Utilities say they're ready for high power demand and widespread electricity shortages or outages are unlikely. Lines and equipment are not fully taxed and there is more generating and transmission capacity available than usual because of the weak economy. There are also few major storms in the forecast, meaning fewer downed power lines.
The heat wave began a week ago in the Plains states and is expected to spread east through the weekend. It is lasting longer than most heat waves and is spread over an unusually wide area, according to Travis Hartman, the Energy Weather Manager at MDA Earthstat, which proves forecasts for utilities and other weather-dependent businesses.

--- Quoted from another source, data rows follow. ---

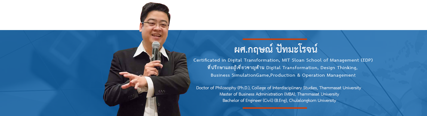 การเปลี่ยนแปลงของธุรกิจในปัจจุบันนั้นรวดเร็วและคาดไม่ถึง จากการเปลี่ยนแปลงของเทคโนโลยี ไม่ว่าจะเป็นอุปกรณ์ที่เชื่อมต่อระหว่างโลกของข้อมูลข่าวสารกับชีวิตจริง และอุปกรณ์เครื่องมือเครื่องจักรในการประกอบการที่สื่อสารกันได้เอง คอมพิวเตอร์และหุ่นยนต์ที่เรียนรู้และฉลาดขึ้นได้ด้วยตัวเอง ธุรกิจที่เรียนรู้เท่าทันสถานการณ์เหล่านี้ และสามารถปรับเปลี่ยนตัวเองได้เท่านั้นจึงจะอยู่รอดต่อไปได้ หลักสูตรนี้จะเปิดแนวทางให้ได้นำกลยุทธ์ดิจิทัลไปประยุกต์ใช้กับองค์กรได้อย่างเหมาะสมและทันท่วงที
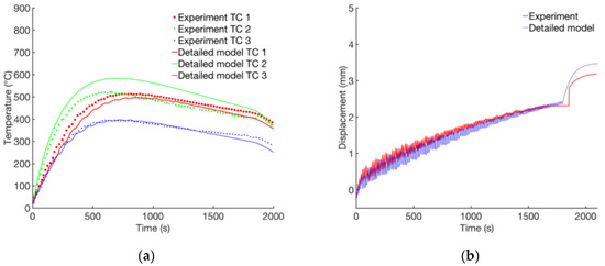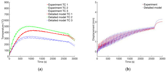 The simulated results from the detailed model with respect to temperature and displacement are in good agreement with the measurements. However, the temperature at the TC 2 location in the case with no dwell time between layers is an exception. This can be seen in Figure 9a; the temperature registered by TC 2 is higher than that registered by TC 1 at the beginning, but it then decreases so that the two curves cross after around 1000 s according to the measurements in [26]. This behavior is not shown in the simulation and there is no realistic explanation for this occurrence. None of the other similar cases in [26] show this behavior.
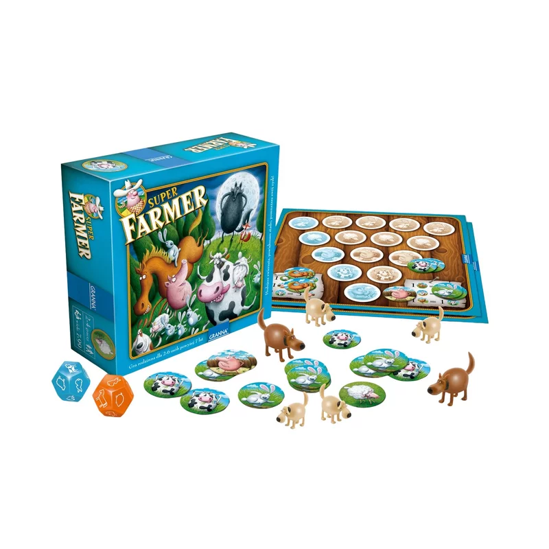 Super Farmer to klasyczna, rodzinna gra planszowa od Granna, skierowana do dzieci od 7. roku życia oraz całych rodzin. Gra łączy elementy strategii, liczenia i planowania, ucząc podstaw ekonomii i zarządzania gospodarstwem. To doskonały sposób na wspólne spędzanie czasu, rozwijanie logicznego myślenia i
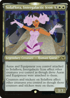 Auras and Equipment you control attached to Solaflora, Intergalactic Icon affect other creatures you control as though those Auras and Equipment were attached to them. Counters and stickers on Solaflora affect other creatures you control as though those counters and stickers were on them.
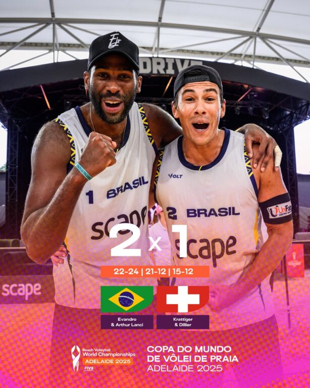 Recuperação marcou a vitória de Evandro e Arthur Lanci sobre os suíços Krattiger e Diller. A dupla perdeu o primeiro set em uma disputa equilibrada, mas reagiu nas parciais seguintes para virar o jogo e vencer por 2 sets a 1. Nas quartas de final, o desafio será contra os atuais campeões olímpicos, os suecos Åhman e Hellvig.
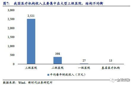 2 医改助力“降本增效”为核心的ICL腾飞 目前我国已经实现了全国人民的医保覆盖,解决了“看病难、看病贵”的问题。但是目前仍然存在医院和患者供需不匹配以及医保费用支出超限的问题,医疗改革来解决这些问题的核心在于“降本增效”,而ICL是降本增效非常有效的方法之一。在分级诊断+医保控费等医改政策支持下,我国ICL行业有望实现腾飞。 2.1、 分级诊疗:基层需求释放,带动检验外包需求快速增长 医疗资源不足和分配不均,基层医疗机构资源匮乏导至检验需求被压制。目前我国80%的医疗资源集中在城市,其中80%又集中在大城市的大中型医院。基层医疗机构医疗资源相对缺乏、服务能力有待提升,仅依靠公立医院现存的检验资源无法满足基层需要。目前我国医疗体系的政府投入还是主要在大型的三级医院,目前三级医院的年财政专项支出为2521万元/家,而数量众多的一级医院和基层医疗机构的年财政支出仅30万元/家都不到。这也就导至了众多的基层医疗机构没有资金和实力采购大型的检测设备,目前基层医疗机构万元以上的设备平均数量仅0.69台。检测设备的短缺导至了基层检验需求被压制。

Hartman predicts 90- to 100-degree weather from Chicago to Boston from Wednesday through the weekend. The Midwest is expected to see peak heat on Thursday while thermometers in eastern states will top out on Friday and Saturday. Philadelphia may break a 1957 record of 100 degrees on Friday, while Washington, D.C., is expected to reach 103, tying a record from 1926.
Texas and the southern Plains states will extend a long streak of hot weather. On Wednesday, Oklahoma was expected to suffer its 30th day of triple-digit temperatures this year.
Nationwide, today and Friday will be hotter than any time since 1950, Hartman said.
"It's going to mean elevated power demand for an extended period of time for a lot of people," he said.
To meet demand, utilities are firing up special power plants used only a few days a year, delaying scheduled maintenance in order to keep all equipment on line and testing heat-sensitive switches and other equipment with high-tech devices like thermographers that can gauge temperatures to one-tenth of a degree.
"These are the days everyone wants to have their ACs on, their computers going while they watch TV," said Jon Jipping, chief operating officer of ITC Holdings Corp., a transmission grid operator that owns grids in Iowa, Michigan and four other Midwest states. "These are the days we get ready for."
Peak demand for most utilities usually happens on a late weekday afternoon in midsummer. That's when businesses are still open but people return home, turn on their air conditioners, lights and televisions and they start cooking dinner.
Problems can arise when the grid comes under maximum strain.
Equipment can't cool off, and it can't handle as much power as usual. Lines, transformers and switches are working at full capacity and can be overwhelmed by power surges that can result from a blown piece of equipment or downed power line.